WHAT IS NEEDED
Retype only the lines below from the one with "通过模型计算比较历史时期与现" to the one with "Latest science findings", inclusive, skipping every image.

DATA EXTRACT
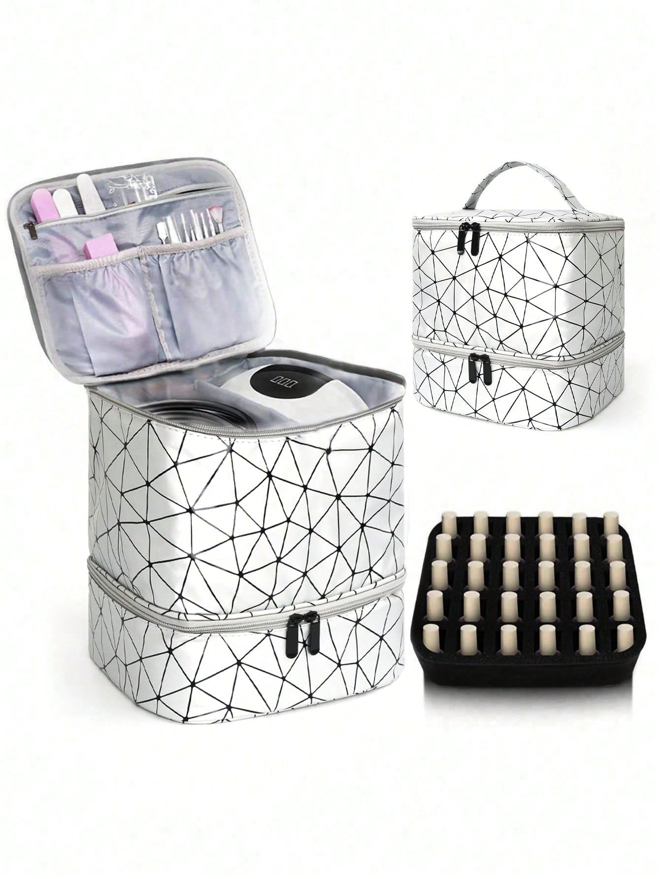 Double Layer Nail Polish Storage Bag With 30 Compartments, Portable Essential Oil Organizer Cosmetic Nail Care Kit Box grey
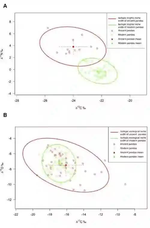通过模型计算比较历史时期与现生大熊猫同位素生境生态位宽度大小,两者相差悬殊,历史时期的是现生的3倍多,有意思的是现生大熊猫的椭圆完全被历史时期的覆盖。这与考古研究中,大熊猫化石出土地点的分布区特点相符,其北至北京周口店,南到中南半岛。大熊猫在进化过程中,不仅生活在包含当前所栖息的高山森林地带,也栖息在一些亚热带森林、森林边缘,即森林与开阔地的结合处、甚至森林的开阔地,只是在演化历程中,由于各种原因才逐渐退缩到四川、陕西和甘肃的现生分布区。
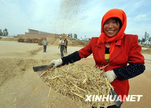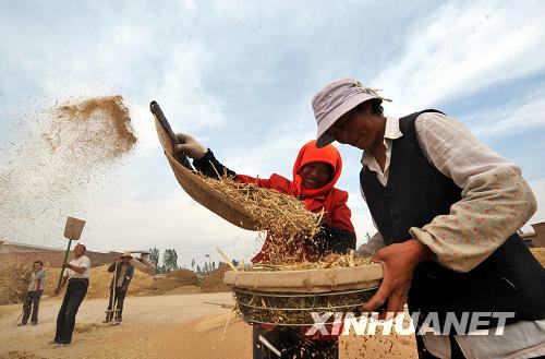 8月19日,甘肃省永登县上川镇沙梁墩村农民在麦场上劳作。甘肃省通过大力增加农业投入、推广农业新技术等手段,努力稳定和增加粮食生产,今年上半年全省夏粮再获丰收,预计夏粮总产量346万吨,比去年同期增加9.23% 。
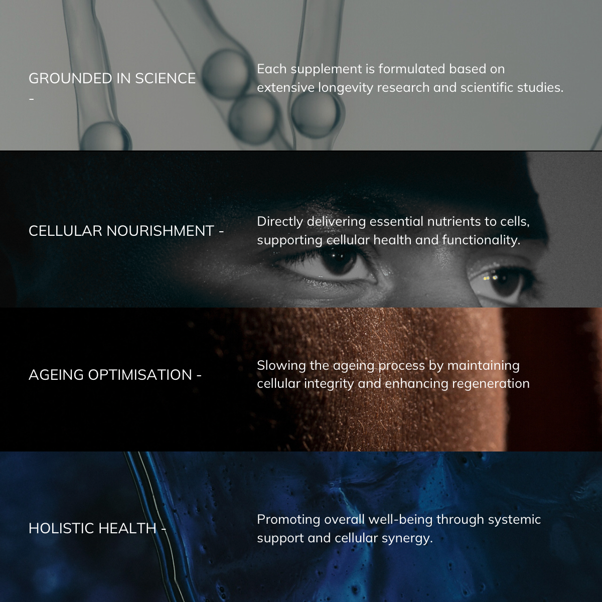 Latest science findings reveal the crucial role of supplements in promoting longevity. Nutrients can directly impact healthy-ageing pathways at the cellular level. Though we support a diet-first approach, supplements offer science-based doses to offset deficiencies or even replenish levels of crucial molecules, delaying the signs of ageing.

* * *

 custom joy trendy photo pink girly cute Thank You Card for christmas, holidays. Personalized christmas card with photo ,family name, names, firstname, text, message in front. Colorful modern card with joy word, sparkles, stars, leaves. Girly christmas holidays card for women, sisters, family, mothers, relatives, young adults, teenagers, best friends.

TASK RESULT
通过模型计算比较历史时期与现生大熊猫同位素生境生态位宽度大小,两者相差悬殊,历史时期的是现生的3倍多,有意思的是现生大熊猫的椭圆完全被历史时期的覆盖。这与考古研究中,大熊猫化石出土地点的分布区特点相符,其北至北京周口店,南到中南半岛。大熊猫在进化过程中,不仅生活在包含当前所栖息的高山森林地带,也栖息在一些亚热带森林、森林边缘,即森林与开阔地的结合处、甚至森林的开阔地,只是在演化历程中,由于各种原因才逐渐退缩到四川、陕西和甘肃的现生分布区。
 8月19日,甘肃省永登县上川镇沙梁墩村农民在麦场上劳作。甘肃省通过大力增加农业投入、推广农业新技术等手段,努力稳定和增加粮食生产,今年上半年全省夏粮再获丰收,预计夏粮总产量346万吨,比去年同期增加9.23% 。
 Latest science findings reveal the crucial role of supplements in promoting longevity. Nutrients can directly impact healthy-ageing pathways at the cellular level. Though we support a diet-first approach, supplements offer science-based doses to offset deficiencies or even replenish levels of crucial molecules, delaying the signs of ageing.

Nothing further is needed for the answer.